Using Data Science to Predict NHL Outcomes

Using Data Science to Predict NHL Outcomes

Project Overview

This project focuses on building and comparing multiple machine learning models to predict NHL game outcomes, leveraging both bookmaker odds and engineered in-game features. The analysis spans logistic regression (GLM), random forest, XGBoost, and neural networks, culminating in a meta-model ensemble for improved accuracy.

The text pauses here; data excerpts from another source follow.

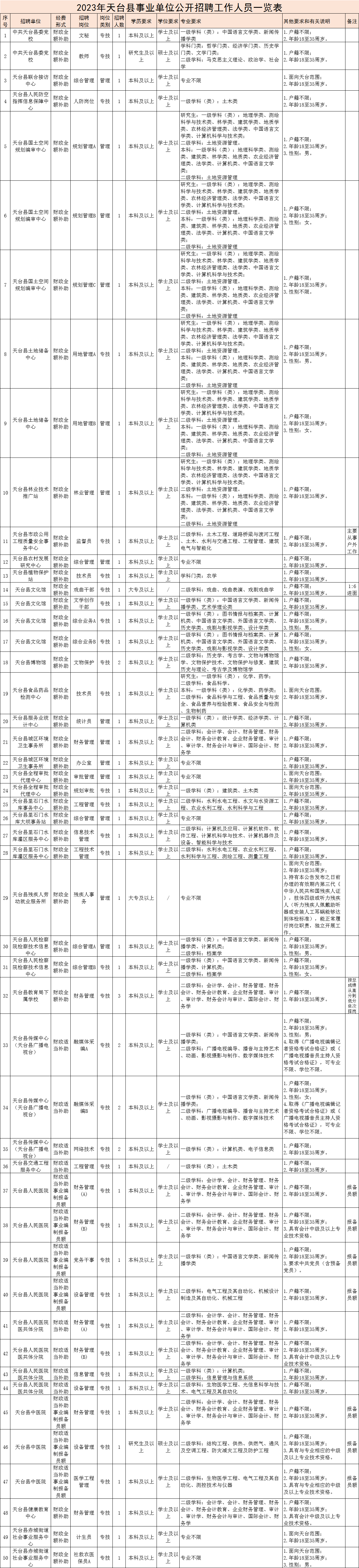 扫码下载《2023年天台县事业单位公开招聘工作人员一览表》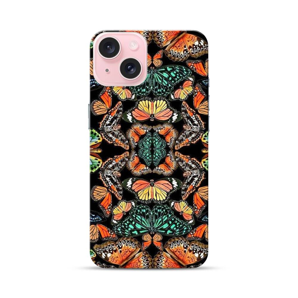 Gespiegelte Schmetterling Apple iPhone 15 Hülle● Rundum bedruckbar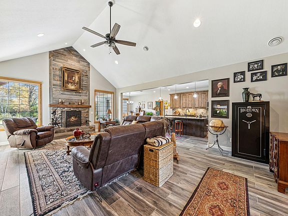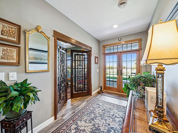 Do you love country living? This is your dream property! Custom home situated on 40 acres with mature tress/fruit trees, custom landscaping including 2 fountains with Koi and TONS of wildlife with over a mile of groomed trails. Over $300K of improvements to the property since 2021 including a 40x56 heated pole barn with 16 ft walls and 200-amp service. This quality built 4 bd/3ba home features a remarkable open floor plan with over 3000 sq ft of one-level living. It has been almost completely renovated including new wood look porcelain tile throughout. Custom alder wood cabinets and granite counter tops in the Kitchen with all new stainless steel appliances in 2021. Both house and pole barn have in-floor heat with a pellet boiler (2023) that heats both home and pole building. Back up propane boiler (2021) in home. Take in the beautiful scenery while relaxing on the back patio watching the sunrise or on the front porch for amazing sunsets all while listening to the wildlife.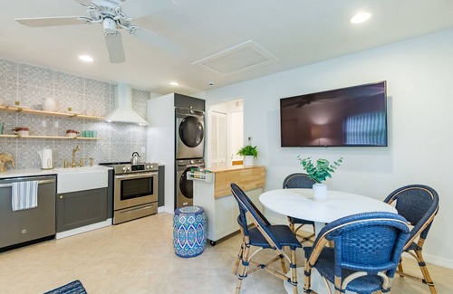 Also situated in the rear portion of the property is an adorable one bedroom guest cottage. The cottage has an open living and dining area with a brand new kitchen and new washer and dryer. There is also a 55” smart TV in the cottage. The bedroom is very peaceful and has 2 large closets for storage. The walk in shower is easy access for all.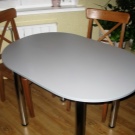 Über den ovalen Tisch kann man etwas sagen: Es dient ästhetischen Zwecken in der Küche und in der Wohnung.Die Eleganz der Form und das Fehlen von Ecken weisen auf einen raffinierten Stil hin, gleichzeitig aber auch auf Sicherheit. Eine kleine Küche kann einen ovalen Tisch aufnehmen, und für einen sicheren Zeitvertreib - das Design ist perfekt, Stöße und Kollisionen werden nicht auftreten.

Brief earlier experiments also explored player-level scoring predictions, but the main emphasis is on game-level predictions and betting analysis.

Methodology

Data Sources

  • NHL API: Official team, game, and event data
  • Bookmaker Odds: Scraped pre-game odds and implied probabilities

Feature Engineering

  • Created dozens of engineered features capturing momentum, rest, team strengths, and contextual bookmaker information
  • Data split to ensure prospective, non-leaky training and testing

Modeling & Evaluation

  • Base Models: Generalized Linear Model (GLM), Random Forest, XGBoost, Neural Network
  • Ensemble: Meta-model stacking for optimal performance
  • Evaluation: Employed ROC AUC, calibration plots, and profit/loss analysis using simulated betting strategies to measure real-world value
  • Used rolling-origin cross-validation to maintain a prospective forecast structure

Key Results

  • Meta-ensemble model consistently outperformed individual base models on ROC AUC and real betting profit metrics
  • Demonstrated the potential to identify market inefficiencies and optimize edge in sports betting
  • Visualized calibration and ROC results to validate practical predictive utility

Tools & Technologies

  • Languages: R, Python
  • Frameworks: Tidymodels (R), Scikit-Learn, XGBoost, Keras/TensorFlow
  • Visualization: ggplot2, Plotly, Matplotlib

Visualizations

Model Confusion Matrices Model ROCAUC Performance Bookmaker Commission Distribution

Application & Further Reading

Conclusion & Next Steps

  • Model provided actionable signals for sports betting and identified bookmakers’ inefficiencies.
  • Future work: Expand to live/in-play predictions, automate data ingestion, and refine ensemble meta-learning for additional sports and markets.